Getting ready to rally
Now I’d like to brag about the fact that I got to ride the TVS Sherco RTR 450 - the big daddy - the Dakar bike. But after looking at the riding abilities that most of us exhibited, the good folks at the TVS Sherco racing team decided that it was best to let us have just a short spin on it on the hard packed sand near the bivouac. And it’s probably a good thing, as none of us wanted to have the shame of having dropped a proper Dakar bike on our resumes. From the few minutes on the bike, it became clear that it was a whole different beast - much heavier at 135kg, and even taller with a seat height of 970mm. The biggest differentiator was the extremely capable suspension with a massive 300mm of travel at the front and 330mm at the rear. While the RTR 450 was a lot more comfortable to sit on than the other bikes, it did feel more akin to a large adventure bike when trying to get it to turn. But apart from that, all I can add is that it felt like a severely beefed up version of the 450 enduro.
However, the bike that really impressed the most was the 450 Rally Lite - the same bike that Tanveer rode to his second-place finish in the Enduro category of the Rallye du Maroc. There wasn’t too much to tell it apart from the 450 SEF at first glance, except for the large navigation tower at the front of the bike and the auxiliary fuel tank at the rear. But closer inspection revealed that this was running on rally-spec MAC suspension. Again, we didn’t spend too much time riding this bike, but with nearly the same lightness as the standard Enduro and finely tuned suspension, it just glided over the sand as if we were riding on a slightly bumpy road. Even landing jumps didn’t faze the bike one bit. But the bike did demand our full attention, as it felt much more aggressive in its response compared to the SEF.
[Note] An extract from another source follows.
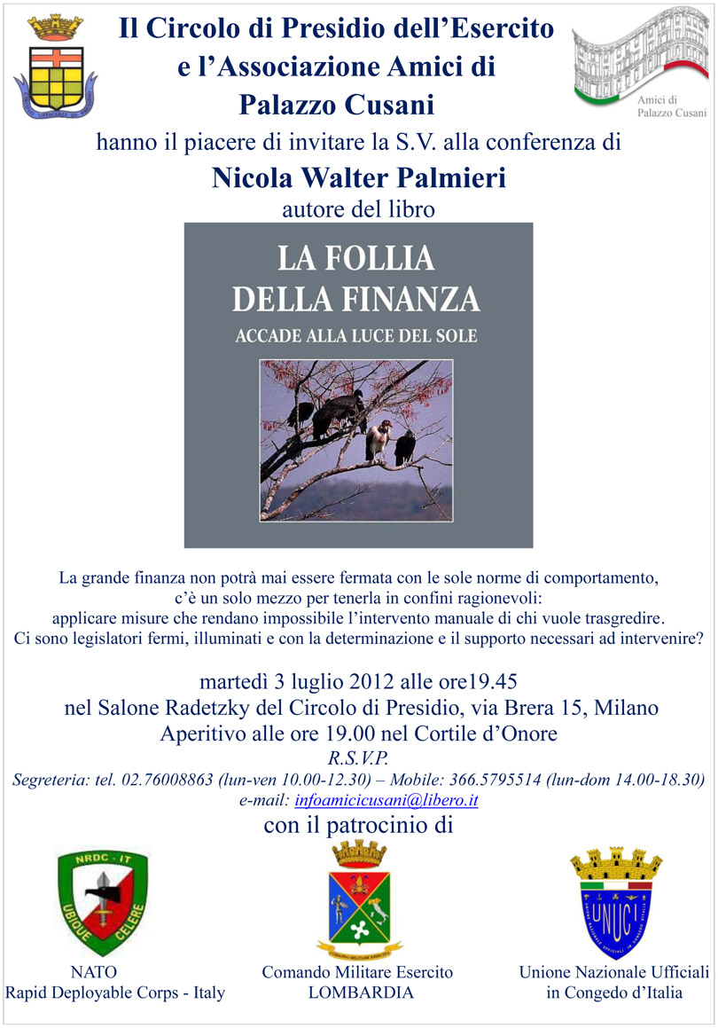 Oggi martedì 3 luglio 2012 alle ore 19.45 nel Salone Radetzky del Circolo di Presidio dell’Esercito Lombardia, via Brera 15, Milano – verrà presentato uno dei libri più interessanti che sia stato pubblicato: La Follia della Finanza di Nicola Walter Palmieri – Ed. CEDAM.

Honestly, I wish I could’ve waxed lyrical about how all these bikes handled, and how capable they were over the sand dunes, but the delta between bikes’ and my abilities was so high, that I was just left with a sense of amazement at the end of ride. Amazed at just how low both my mental and physical fitness levels are to handle such riding, but more amazed at just how these rally guys can race these bikes, over such terrain, at full chat at days on end. Much respect!